Property owners have a legal responsibility to maintain fuel oil storage tanks and to clean up any leaks or spills that may occur, whether the fuel oil tanks are situated underground, in a basement or aboveground. Fuel oil leaks and spills can cause significant environmental damage and the costs to clean up contaminated soil and groundwater on the property and its surroundings can be extensive.
This legal responsibility and potential for legal liability has resulted in increased insurance claims made by property owners with underground fuel oil tanks. This has caused an increase in homeowners' insurance concerns, including potential denial of coverage.
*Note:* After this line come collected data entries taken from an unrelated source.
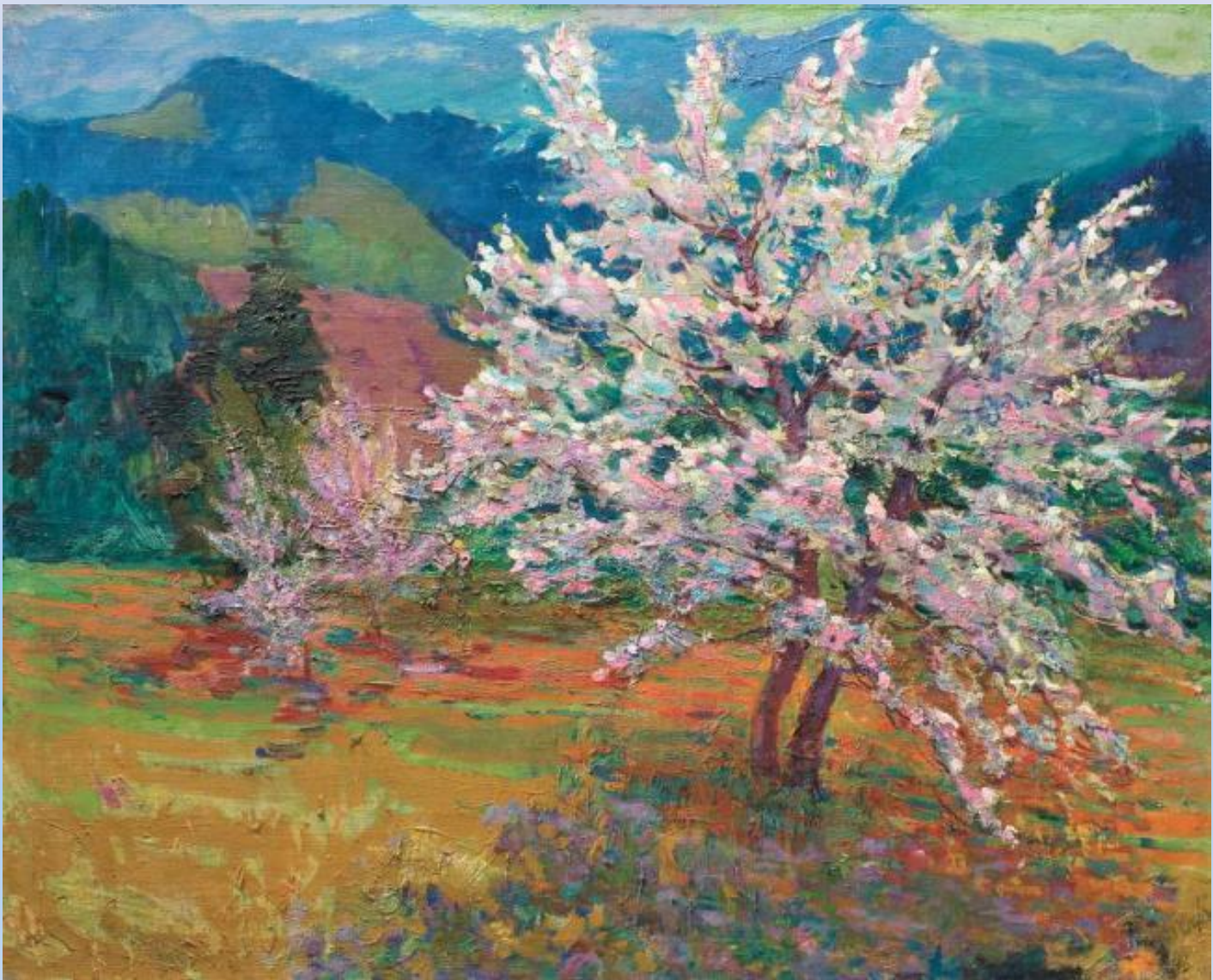
«Весна в Карпатах»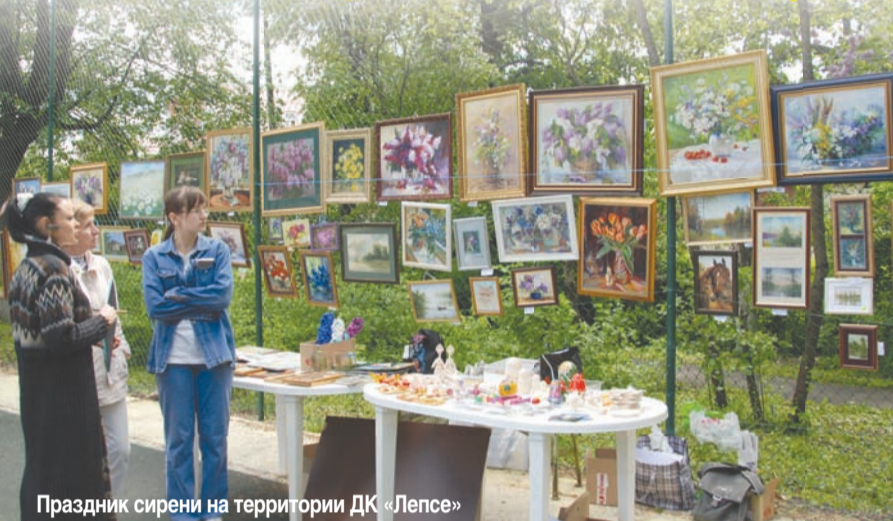
Праздник сирени на территории ДК «Лепсе»

дети и взрослые приобщаются к искусству, покупают краски, кисти, пластилин. И это прекрасно, они заняты прекрасным делом – творчеством.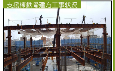
支援棟鉄骨建方工事状況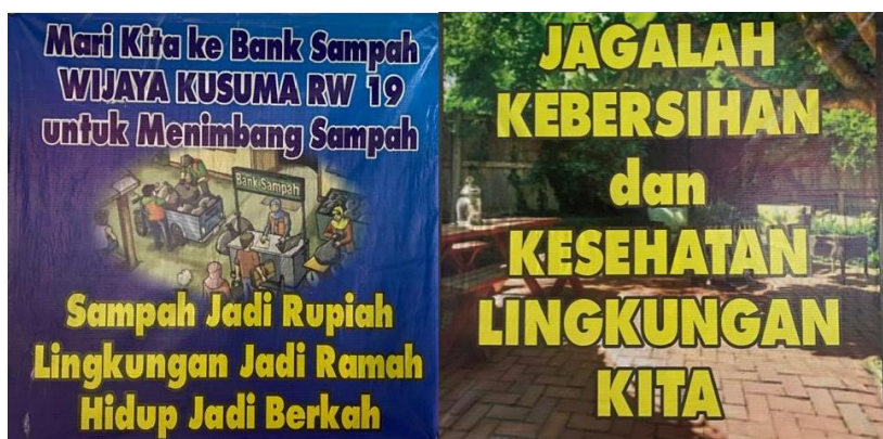
Gambar 3. Pamflet Bank Sampah Wijaya Kusuma, 2025

Bank sampah buka sebulan sekali, diminggu kedua setiap hari Sabtu pagi, pukul 08.00 hingga 11.00 untuk menerima setoran sampah hasil pemilahan dari warga. Sampah-sampah hasil pilahan ini ditimbang dan dibukukan sebagai catatan tabungan yang akan dikonversi dengan harga per kilogram masing-masing jenis sampah, dan per liter untuk minyak jelantah yang disetor.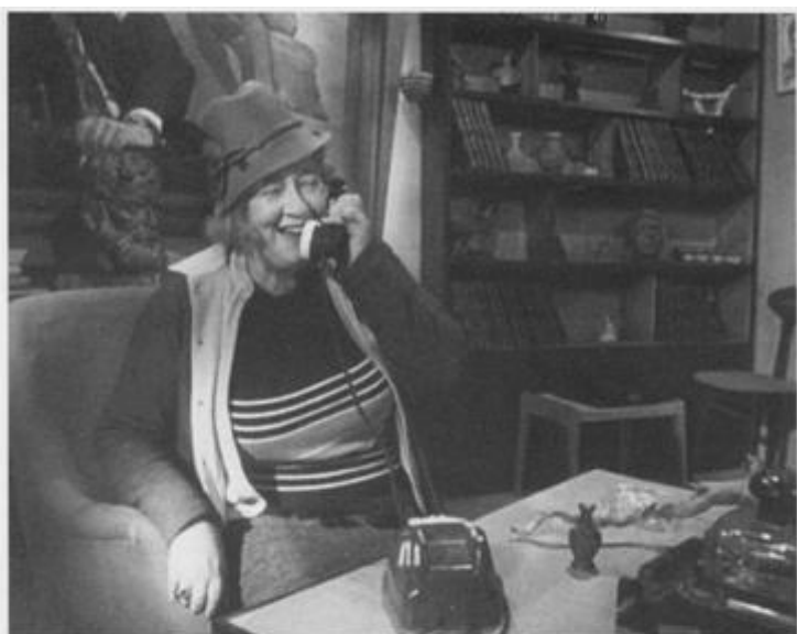
«Легкая жизнь». 1964 год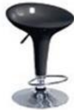
黑色太空吧椅 – $400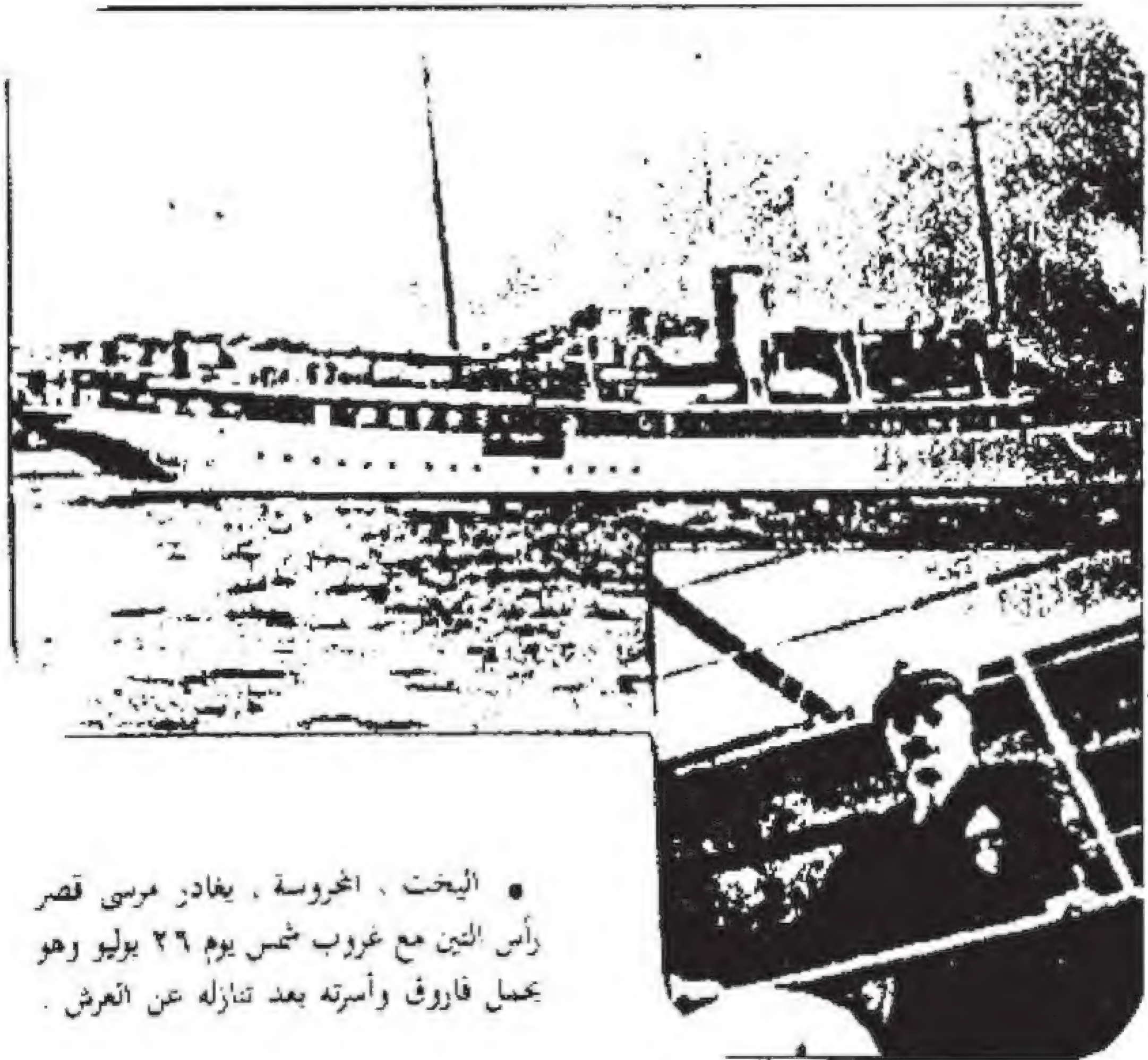
• اليخت ، المخروسة ، يغادر مرسى قصر رأس التين مع غروب شمس يوم ٢٦ يوليو وهو يحمل فاروق وأسرته بعد تنازله عن العرش .

الجماهير في مصر في صمت فالمشهد رهيب حزين ، جميع البواخر الراسية على الميناء منكسة الأعلام وتطلق صفارات الوداع الأخير الحزين ، وكنت في هذه اللحظات التاريخية أرقب هذا المشهد من خلال منظار مكبر بجوار مدفع منكس في

The most commonly used tanks for fuel oil are steel containers that hold about 1,000 litres of fuel. The problem with many metal fuel oil tanks is that they rust from the inside out as a result of condensation accumulation inside the tank over several years. It is difficult to tell if a tank is leaking and underground fuel oil tanks present a particular concern because of the inability to determine their condition (they are difficult to inspect) combined with the probability that they will leak (the older the tank; the stronger the likelihood that it will leak).
Fuel Oil Regulations and Codes
Ontario has strict regulations and codes governing the handling and storage of fuel oil that require registration of all existing underground fuel oil tanks and dictate their removal or upgrading according to a phased in four year schedule based on the age of the tank.
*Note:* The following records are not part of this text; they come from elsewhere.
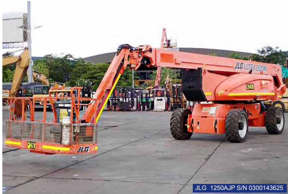
JLG 1250AJP S/N 0300143625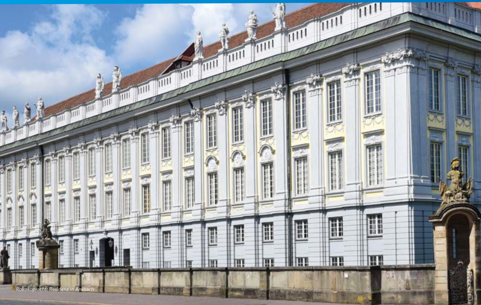
Rokokopracht: Residenz in Ansbach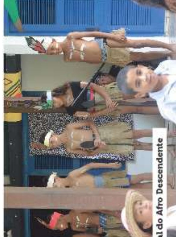
de Saude bucal – Uniodonto; Projeto Educar para Ser – Grupo de mães; Reunião de pais; Atendimento às famílias pelo CRAS; Visita ao Museu do Escravo Liberto – Redenção; VI Mostra Cultural – Unesco – Década internacional do Afro Descendente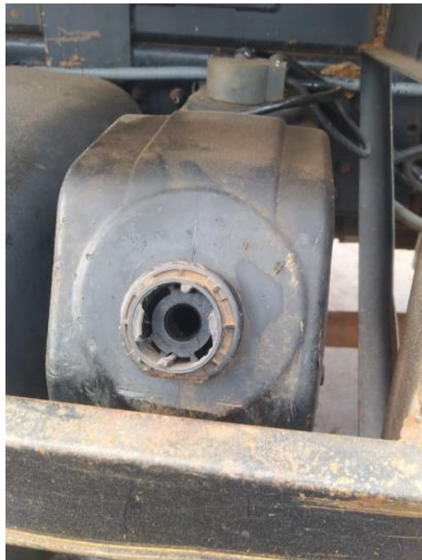
(Tanque de armazenamento de ARLA)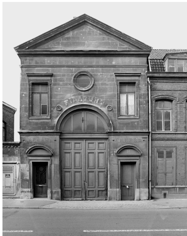
Bureaux, élévation. IVR31_19905900974X

IVR32_20235905029NUCA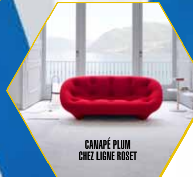
CANAPÉ PLUM CHEZ LIGNE ROSET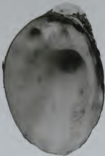
Quadrulus Liedtkei Rolle, Tonkin.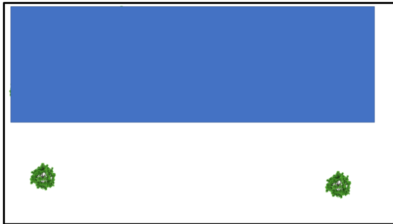
Figura No. 2 Ejemplo de diseño sin considerar prevención de afectación.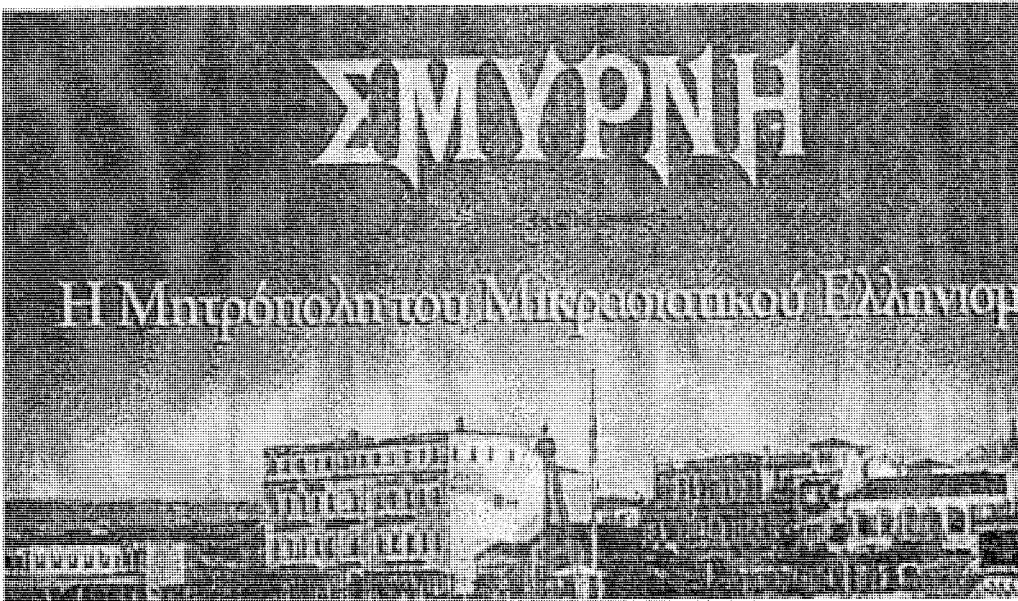
ΣΜΥΡΝΗ: Η Μητρόπολη του Μικρασιατικού Ελληνισμού

μέλος. Εισαγγελέας ορίστηκε κάποιος Μαζχιάρ. Η δίκη διήρκεσε 5 λεπτά και η ποινή: Θάνατος. Ως τόπος εκτέλεσης ορίστηκε το Τιρκιλίκι αλλά ο εξαγριωμένος όχλος τον απήγαγε και τον κατακρεούργησε.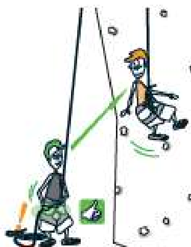
5 MAÎTRISEZ LA VITESSE !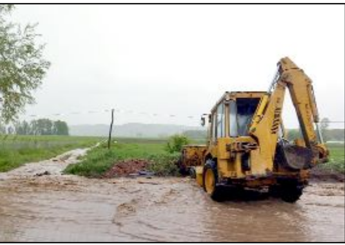
Düvenci'de Belediye ekipleri yağışın ardından çalışma başlattı.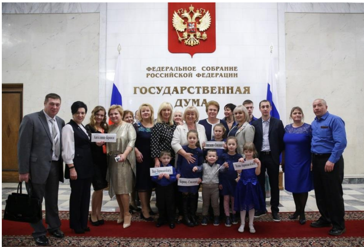
Члены Комитета с победителями конкурса

All underground fuel tank systems that have not been used for two or more years (and no longer intended to be used), must be removed, no matter what the age. Furthermore, all underground tanks over 5,000 litres are required to be leak tested annually (at least monthly, when level 2 or level 1 leak detection is used).
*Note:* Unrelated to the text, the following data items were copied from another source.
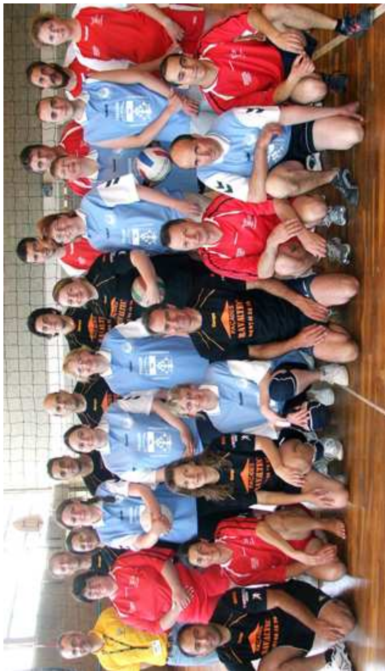
Les équipes de Fressin, Magalas et Isle-Bouzon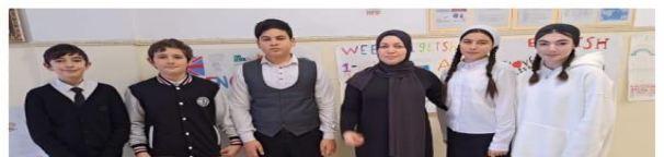
Игра между 5 ми классами " Easy English"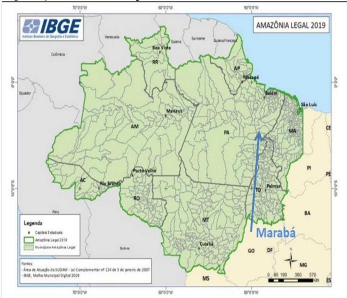
Imagem 1 – Quantitativo de estudantes indígenas 2020.

A Universidade Federal do Sul e Sudeste do Pará – Unifesspa, está localizada no estado do Pará fazendo parte da Amazônia legal, no Sudeste do estado, a cidade de é uma área interligação Econômica entre o Sul e o Norte do estado e também porque pode ser considerada uma cidade que tem uma grande presença de migração.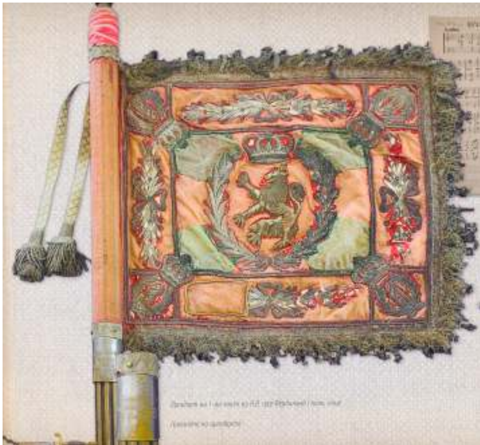
2. Кавалерийски щандарт обр.1881 г.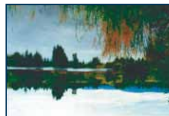
HIPODROM MOST a.s. www.hipodrom.cz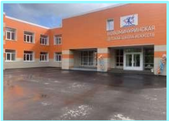
МБУДО Новомичуринская детская школа искусств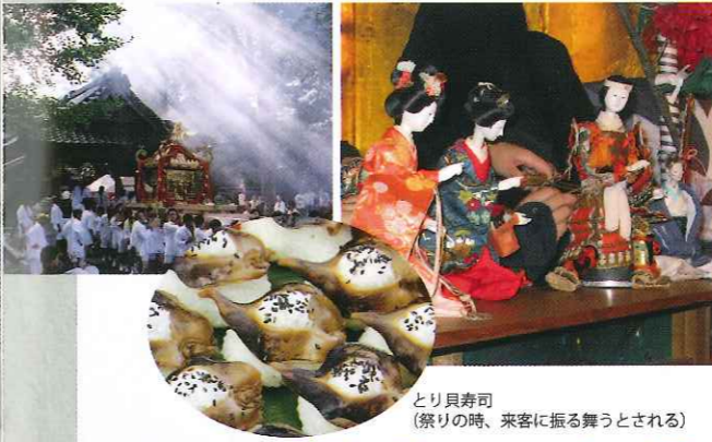
とり貝寿司（祭りの時、来客に振る舞うとされる）

亀岡市種田野町佐伯垣内赤一 京都縦貫自動車道 亀岡ICから約5分 問 種田野神社 0771-222-4549

All existing aboveground and underground fuel oil tank systems are required to undergo annual maintenance (maintenance should also be in accordance with manufacturer's instructions) and to have a comprehensive inspection at least once every ten years. The handling and storage of fuel oil is governed under the Technical Standards and Safety Act - Ontario Regulation 213/01 ("Fuel Oil Regulation"), and administered under the Ontario Installation Code for Oil Burning Equipment I (Based on CSA B139, with Ontario Amendments), Edition/2006 ("Ontario Fuel Oil Code").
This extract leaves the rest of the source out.